Patrick Smith/Getty Images

Patrick Smith/Getty Images

Rodgers was still able to put together another strong campaign with 3,821 passing yards along with 31 touchdown passes to only eight interceptions while posting a 92.7 quarterback rating — an impressive showing, given the team’s instability at wide receiver throughout the season. However, what the 2015 season signals more than anything else is the need to address the position to avoid another difficult and often frustrating offensive year for Rodgers. There could be light at the end of the tunnel for the Packers as they are expected to have roughly $23 million in cap space, which is a number that should take a slight dip with notable players such as B.J. Raji and James Starks both scheduled to become free agents.

This should still leave the team with enough cap space to be an active player in the free agent market to pursue some of the top names at wide receiver. The Packers may not have to look any further than their NFC North division rival Chicago Bears in Pro Bowl wideout Alston Jeffery, who will become an unrestricted free agent this offseason. He may not be the most polished receiver, but he’s a definite upgrade for the Packers as a legitimate deep-ball threat that could be a match made in heaven combined with Rodgers’ strong and accurate arm. This is not to mention that he’s put together two seasons with 80-plus catches, more than 1,100 receiving yards, and at least seven touchdowns in each campaign.

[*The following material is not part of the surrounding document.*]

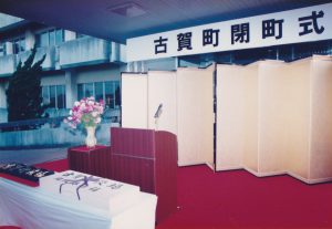 厳かな雰囲気のメイン会場は、どーんと「古賀町閉町式」と。

Another name that could draw attention this upcoming offseason depending on his situation with the Detroit Lions is Calvin Johnson. The star wideout is set to count for more than $20 million in cap space next season, which has the Lions possibly considering moving or releasing him if he’s unwilling to rework his current contract. If things don’t work out in Detroit, the Packers could sneak in and grab the six-time Pro Bowler if he doesn’t retire. He’s still one of the game’s best wideouts coming off his sixth consecutive season with at least 70 catches, 1,000 receiving yards, and a third straight campaign with more than eight touchdowns.

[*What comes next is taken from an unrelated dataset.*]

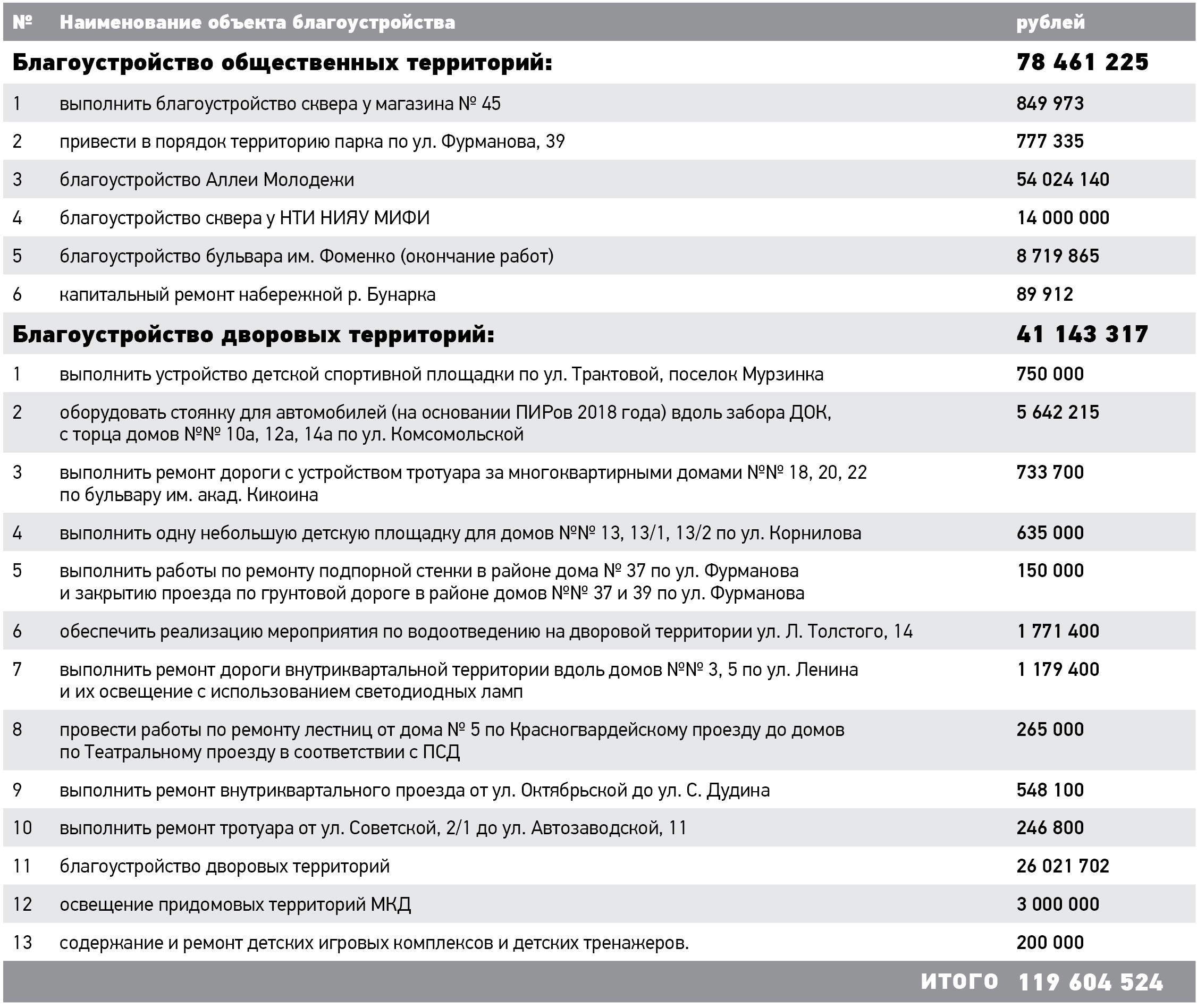 На все объекты благоустройства в 2019 году предусмотрена беспрецедентная сумма — почти 120 млн рублей. Чтобы успеть справиться со столь масштабной задачей, аукционы по выбору подрядчиков решено провести весной с тем расчетом, чтобы работы на объектах начать уже в мае.

There are several other viable receiving options in free agency such as Travis Benjamin, who is coming off a career-best season with the Cleveland Browns posting 68 catches for 966 receiving yards and five touchdowns. He could be had at a reasonable price over multiple years. Marvin Jones of the Cincinnati Bengals will also be available this offseason after putting together one of his best seasons with career highs in catches (65) and receiving yards (816) with four touchdowns. All in all, the Packers will have plenty of options available to them in free agency this upcoming offseason. It’s just a matter of putting forth the effort to improve a big area of need.